• [WORK REQUEST] Print the material below exactly as it stands, please, from its first line to the line holding "Самолет был нормальный, новый", with no pictures.

• [DATA SEGMENT]
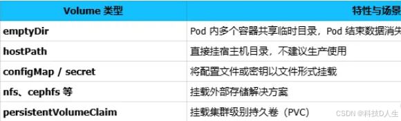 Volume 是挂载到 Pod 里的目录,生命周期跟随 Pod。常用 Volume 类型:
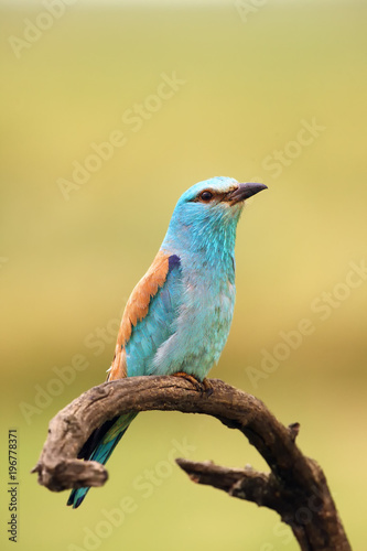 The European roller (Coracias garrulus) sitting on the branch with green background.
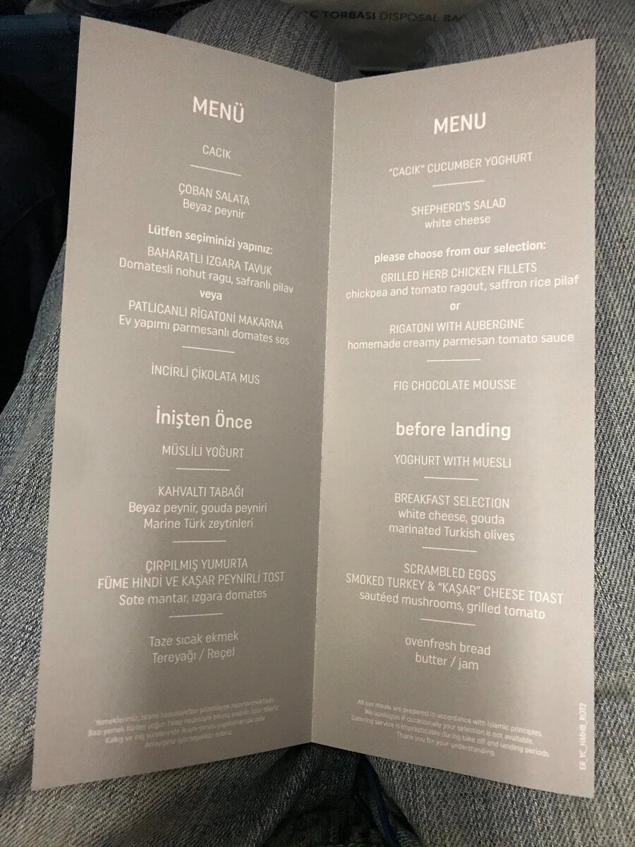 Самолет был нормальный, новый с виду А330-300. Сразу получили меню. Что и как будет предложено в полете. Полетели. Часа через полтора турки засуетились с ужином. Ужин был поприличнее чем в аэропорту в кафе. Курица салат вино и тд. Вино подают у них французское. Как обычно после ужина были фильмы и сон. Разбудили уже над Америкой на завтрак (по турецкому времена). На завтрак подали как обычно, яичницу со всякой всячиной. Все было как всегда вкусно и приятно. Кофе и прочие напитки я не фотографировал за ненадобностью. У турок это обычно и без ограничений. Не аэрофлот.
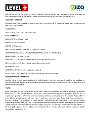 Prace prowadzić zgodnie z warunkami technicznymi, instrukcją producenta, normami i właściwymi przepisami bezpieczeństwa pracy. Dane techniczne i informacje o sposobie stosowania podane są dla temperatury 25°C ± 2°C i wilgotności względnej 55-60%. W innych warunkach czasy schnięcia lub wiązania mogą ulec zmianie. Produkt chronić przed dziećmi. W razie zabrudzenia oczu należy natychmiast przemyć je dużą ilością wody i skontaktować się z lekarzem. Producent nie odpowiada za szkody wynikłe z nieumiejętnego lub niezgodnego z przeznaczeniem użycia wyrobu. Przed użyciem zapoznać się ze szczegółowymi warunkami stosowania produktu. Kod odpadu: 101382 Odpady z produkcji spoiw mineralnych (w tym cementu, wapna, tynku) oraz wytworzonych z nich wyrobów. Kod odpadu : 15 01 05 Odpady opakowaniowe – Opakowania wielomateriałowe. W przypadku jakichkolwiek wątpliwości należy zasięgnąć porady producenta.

• [RESPONSE TO THE TASK]
 Volume 是挂载到 Pod 里的目录,生命周期跟随 Pod。常用 Volume 类型:
 The European roller (Coracias garrulus) sitting on the branch with green background.
 Самолет был нормальный, новый с виду А330-300. Сразу получили меню. Что и как будет предложено в полете. Полетели. Часа через полтора турки засуетились с ужином. Ужин был поприличнее чем в аэропорту в кафе. Курица салат вино и тд. Вино подают у них французское. Как обычно после ужина были фильмы и сон. Разбудили уже над Америкой на завтрак (по турецкому времена). На завтрак подали как обычно, яичницу со всякой всячиной. Все было как всегда вкусно и приятно. Кофе и прочие напитки я не фотографировал за ненадобностью. У турок это обычно и без ограничений. Не аэрофлот.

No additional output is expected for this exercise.